■ **DATASET EXTRACT**:
──────

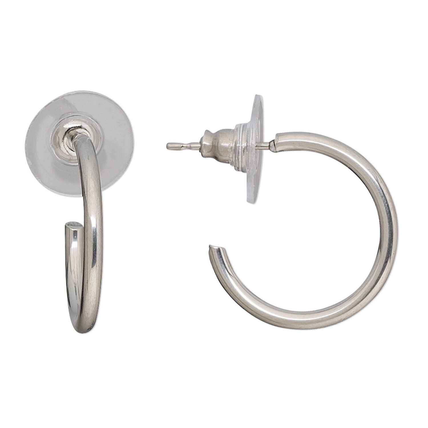 Stainless steel half-hoop earrings feature a comfort clutch to distribute the weight of heavier-style earrings and hold earrings in a more comfortable, straighter position.
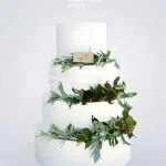 Четырехъярусный свадебный торт с живыми цветами белый
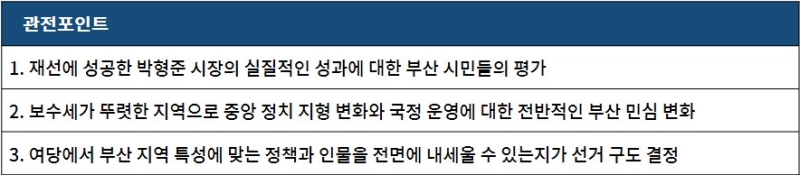 이번 부산시장 선거의 관전 포인트는 크게 세 가지로 압축됩니다.
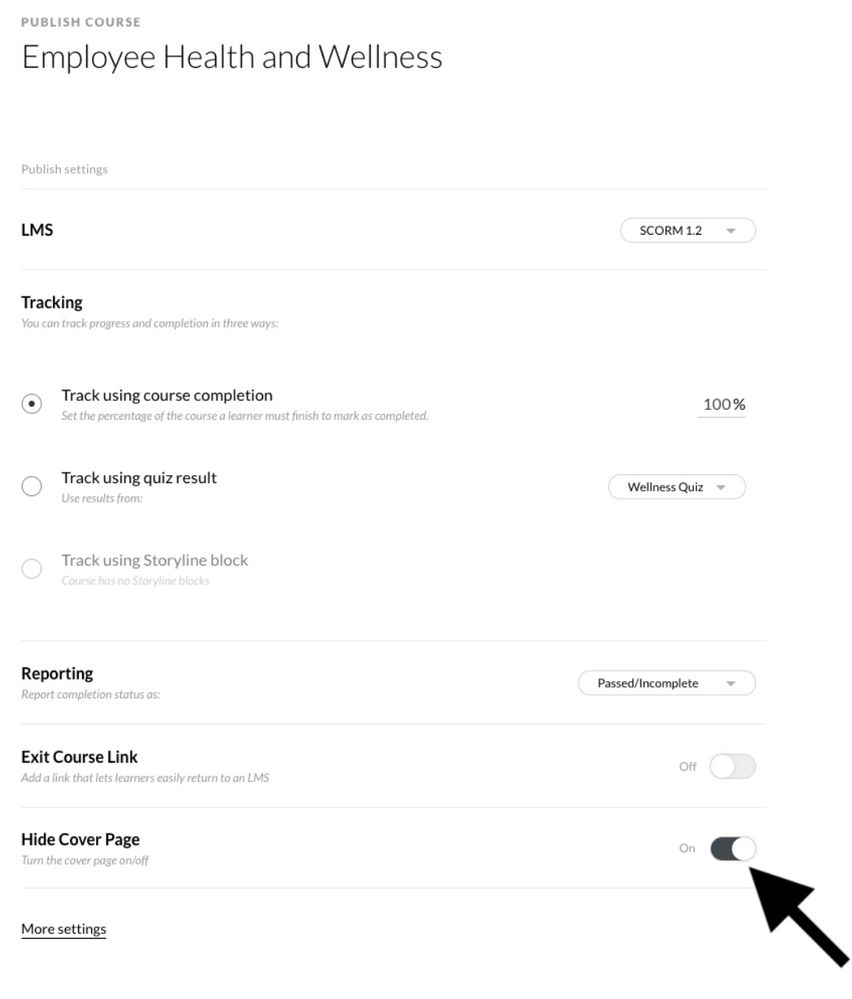 We've added the option to remove the course cover page for LMS exports, and we're hoping to get feedback that this design works well! We're considering adding it for web exports as well. Since the Share link is not a long-term hosting solution, we won't consider this feature for Share link output.

──────

■ **TASK INSTRUCTIONS**:
What you return must match, line for line, the span from the line containing "Четырехъярусный свадебный торт" through the last line of the listing above, with every picture omitted.

■ **RESULT FOR THIS TASK**:
 Четырехъярусный свадебный торт с живыми цветами белый
 이번 부산시장 선거의 관전 포인트는 크게 세 가지로 압축됩니다.
 We've added the option to remove the course cover page for LMS exports, and we're hoping to get feedback that this design works well! We're considering adding it for web exports as well. Since the Share link is not a long-term hosting solution, we won't consider this feature for Share link output.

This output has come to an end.